Work to be completed: Below are entries; repeat exactly, and nothing else, the lines from the one holding "langsung dengan bahan" through the one holding "直近1年以内にはじめてお子様", inclusive. Leave the pictures out.

Given entries:
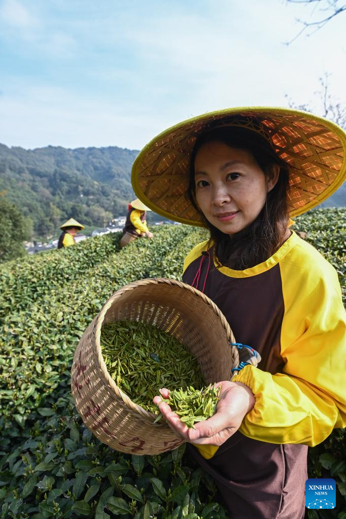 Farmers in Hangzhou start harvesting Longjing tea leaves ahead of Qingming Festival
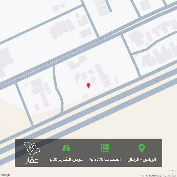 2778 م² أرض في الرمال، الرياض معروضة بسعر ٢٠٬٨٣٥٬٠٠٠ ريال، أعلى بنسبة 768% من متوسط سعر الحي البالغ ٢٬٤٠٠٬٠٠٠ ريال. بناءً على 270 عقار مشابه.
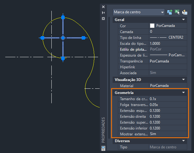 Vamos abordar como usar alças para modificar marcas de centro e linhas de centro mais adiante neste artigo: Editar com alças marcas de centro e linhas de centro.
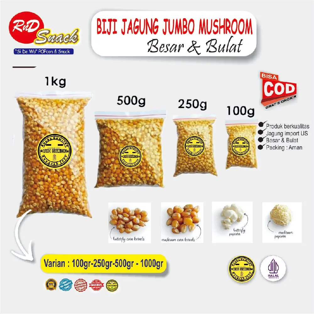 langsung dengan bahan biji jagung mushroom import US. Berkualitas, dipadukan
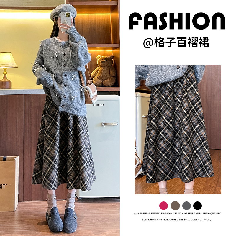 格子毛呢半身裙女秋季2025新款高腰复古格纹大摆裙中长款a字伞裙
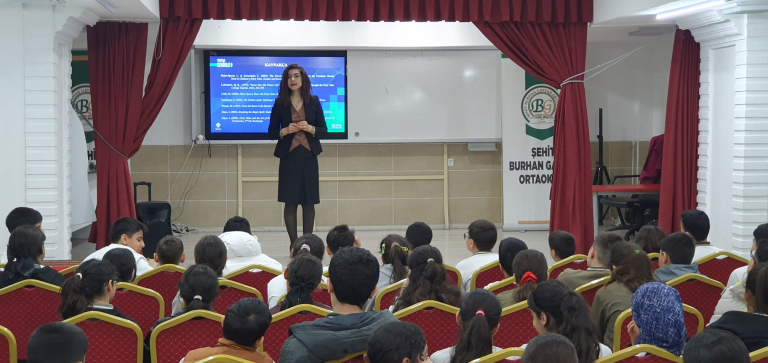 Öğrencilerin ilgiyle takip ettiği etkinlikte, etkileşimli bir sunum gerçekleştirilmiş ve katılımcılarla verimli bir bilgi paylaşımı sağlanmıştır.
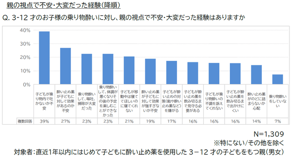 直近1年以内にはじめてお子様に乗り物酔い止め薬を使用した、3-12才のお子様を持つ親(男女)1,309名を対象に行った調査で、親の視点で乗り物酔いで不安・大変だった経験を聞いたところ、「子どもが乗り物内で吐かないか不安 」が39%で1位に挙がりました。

---

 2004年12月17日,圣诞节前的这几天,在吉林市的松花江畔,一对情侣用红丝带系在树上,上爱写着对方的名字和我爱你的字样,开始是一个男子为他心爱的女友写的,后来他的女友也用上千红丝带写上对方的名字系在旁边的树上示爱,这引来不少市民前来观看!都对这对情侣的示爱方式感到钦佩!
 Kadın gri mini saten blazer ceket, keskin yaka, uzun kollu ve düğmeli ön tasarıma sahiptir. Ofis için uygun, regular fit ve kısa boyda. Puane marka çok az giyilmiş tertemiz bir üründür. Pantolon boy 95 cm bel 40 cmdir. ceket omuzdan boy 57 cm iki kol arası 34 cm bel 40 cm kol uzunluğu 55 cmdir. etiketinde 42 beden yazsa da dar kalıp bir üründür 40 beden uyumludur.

Task output:
 langsung dengan bahan biji jagung mushroom import US. Berkualitas, dipadukan
 格子毛呢半身裙女秋季2025新款高腰复古格纹大摆裙中长款a字伞裙
 Öğrencilerin ilgiyle takip ettiği etkinlikte, etkileşimli bir sunum gerçekleştirilmiş ve katılımcılarla verimli bir bilgi paylaşımı sağlanmıştır.
 直近1年以内にはじめてお子様に乗り物酔い止め薬を使用した、3-12才のお子様を持つ親(男女)1,309名を対象に行った調査で、親の視点で乗り物酔いで不安・大変だった経験を聞いたところ、「子どもが乗り物内で吐かないか不安 」が39%で1位に挙がりました。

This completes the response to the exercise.